Historically, ships with lower power levels have successfully operated in polar regions, but as demonstrated by the evolution of U.S. Coast Guard designs in the last 40 years, mass and velocity are the key factors in breaking heavy ice. Propelling heavy ships and/or developing higher speeds requires considerable power. Thus, while information has been obtained and could be provided on as many as 60 icebreaking ships, many of these are not believed truly suited for polar icebreaking.

Table 6.4, which draws heavily on data provided by L.W. Brigham (personal communication, October 2000), provides a listing of the current inventory of polar icebreakers organized by country of ownership. Baltic icebreakers have also been included, although it is often a matter of opinion rather than fact which ships have some polar capability. This presentation was chosen to highlight both the fleet size and the key data for various nations having interest in the polar regions.

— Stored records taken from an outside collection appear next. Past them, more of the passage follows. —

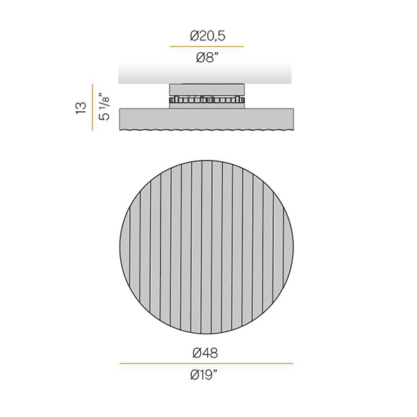 Dimensions | Lamp Diameter: 18.89 inch, Lamp Height: 5.11 inch |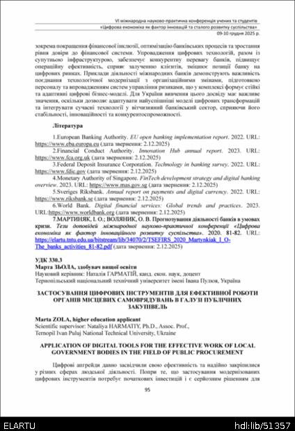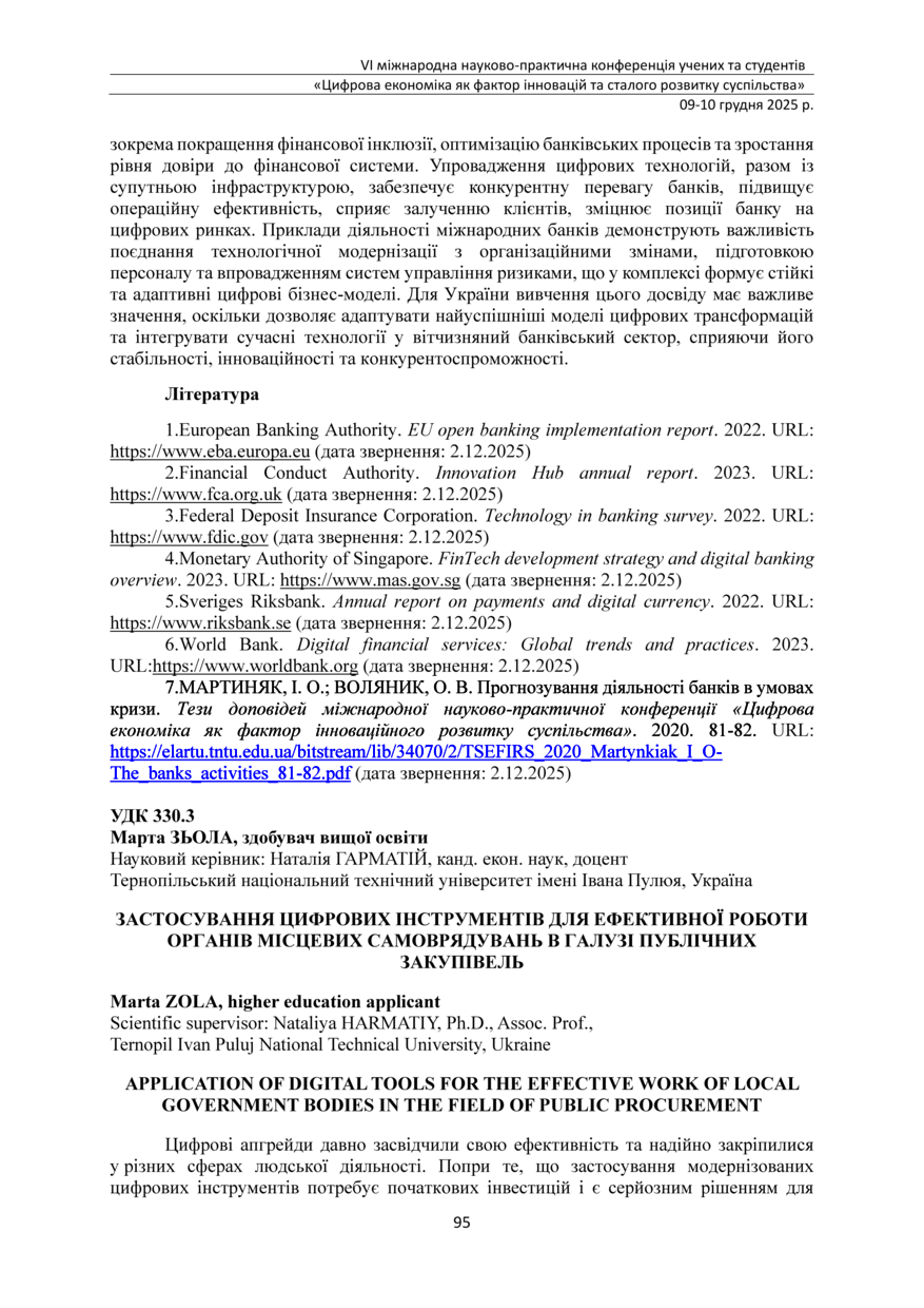 | Bibliographic citation (APA): | Zola, M. (2025). Zastosuvannia tsyfrovykh instrumentiv dlia efektyvnoi roboty orhaniv mistsevykh samovriaduvan v haluzi publichnykh zakupivel [Application of digital tools for the effective work of local government bodies in the field of public procurement]. Proceedings of the 6th International Scientific and Practical Conference „Digital economy as a factor of innovative and sustainable development of society“, 9-10 December 2025, Ternopil, 95-97. TNTU. [in Ukrainian]. |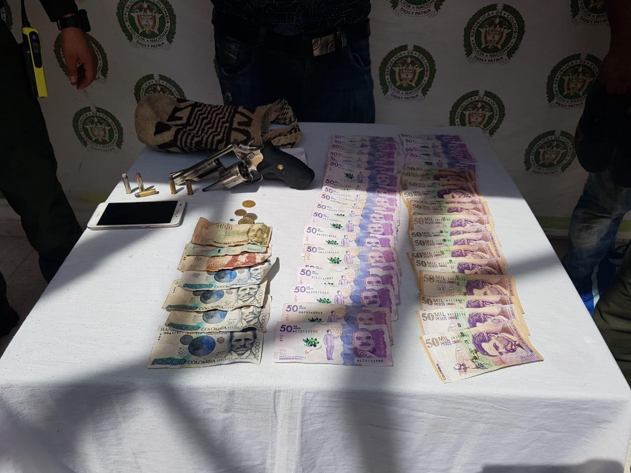 En el operativo les hallaron un revolver marca Smith y Wesson, calibre 38 largo, con 4 cartuchos para el mismo y dos vainillas. Además un millón 980 mil pesos en efectivo y un celular Huawei, color blanco avaluado en 600 mil pesos.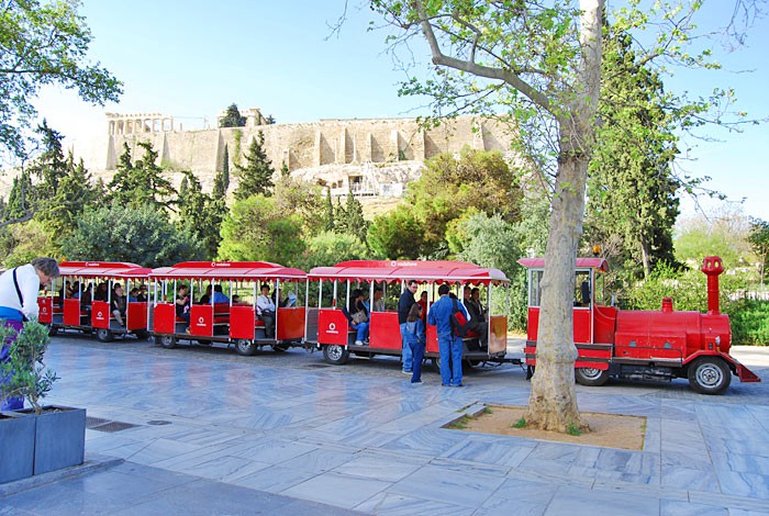 The Athens Happy Train is a toy-like street train that starts its sightseeing tour from the Constitution Square (also known as "Syntagma") and follows an amazing route through the historical center of the city, the old neighborhoods and the hill of Acropolis.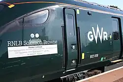 Great Western Railway named Class 802 unit 802008 RNLB Solomon Browne in a ceremony at Penzance TMD on 13 April 2019.[22]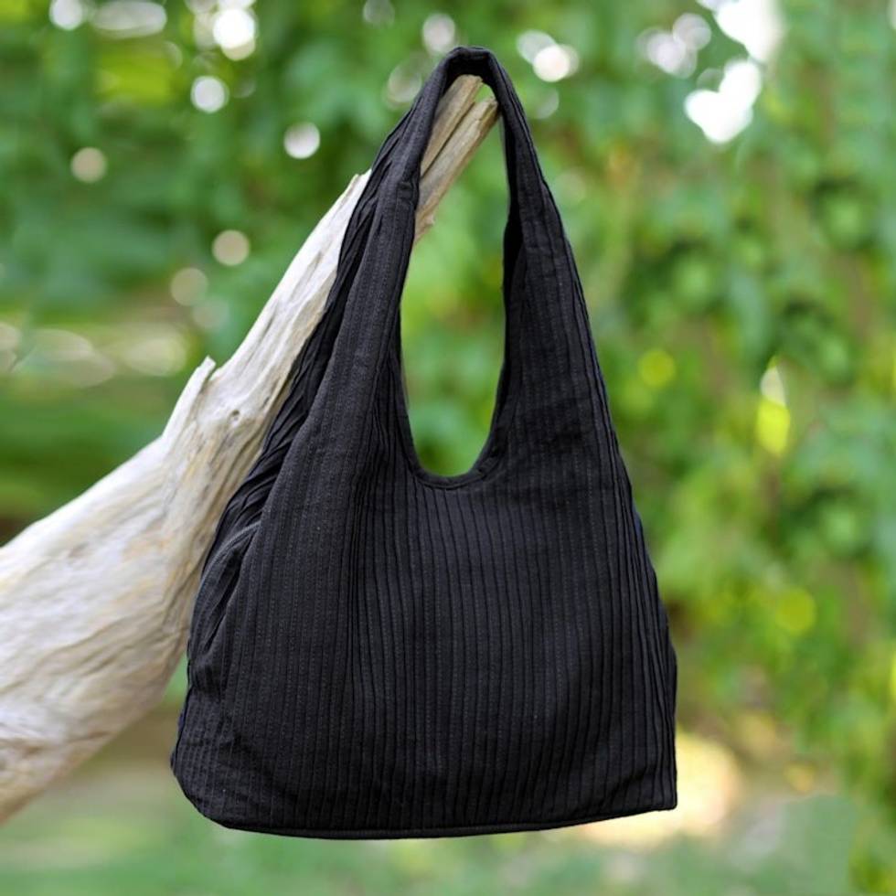 100 Cotton Textured Shoulder Bag in Black from Thailand 'Thai Texture in Black' Item ID: 2671802467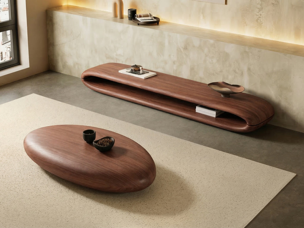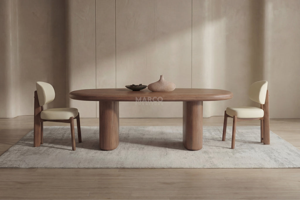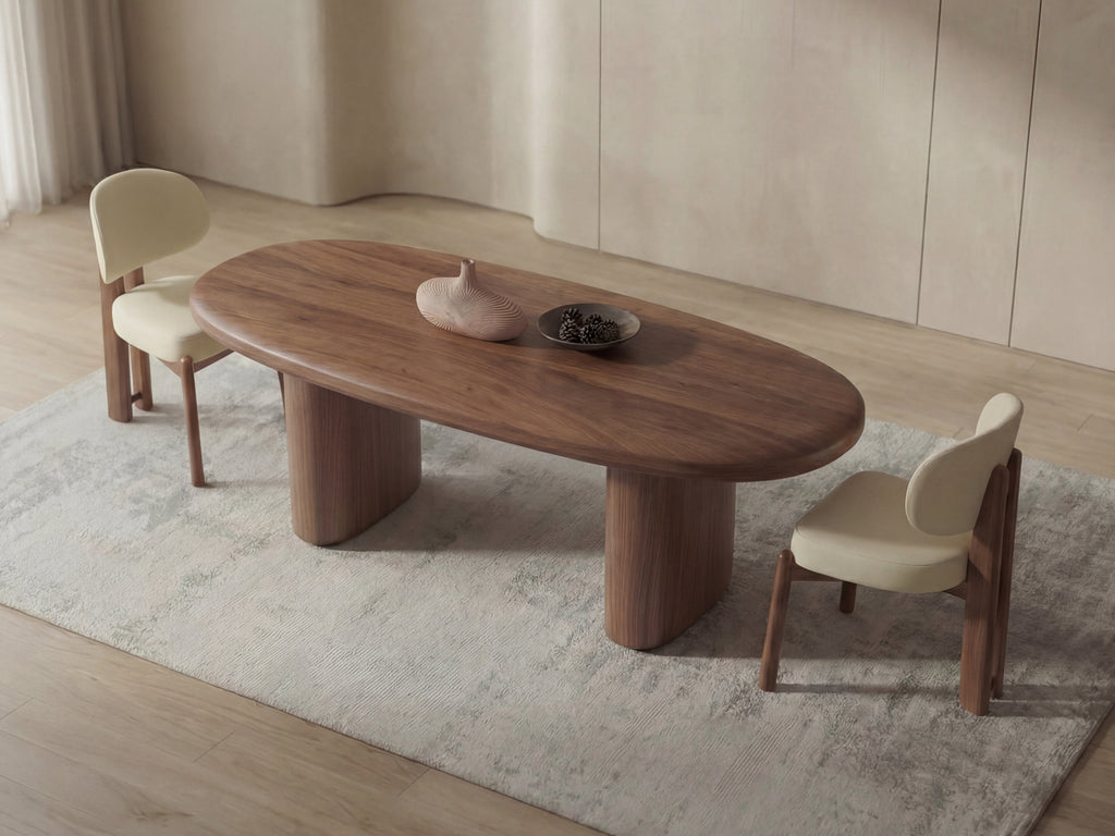 A dining table that feels right the moment you see it. The soft oval shape, rich walnut tone, and solid base bring warmth and balance to your dining space—built for everyday meals and long conversations.

The world fleet of icebreakers with greater than 10,000 horsepower is 50. Russia has the largest fleet. Finland, Canada, and Sweden each operate six to seven icebreakers. The Unites States has four ships, and six other countries have one to three ships. Only Russia has used nuclear propulsion plants (seven ships). Only Russia and the United States operate ships with propulsion greater than 30,000 horsepower. Most icebreakers operate primarily in the Baltic Sea area. Russia is notable for its emphasis on icebreaker tourism.

In continuous running mode, icebreakers break ice by weight. As an icebreaker is propelled forward, it moves up onto the ice, and the weight of the hull breaks the ice. The traditional icebreaker bow is in the form of a spoon that fa-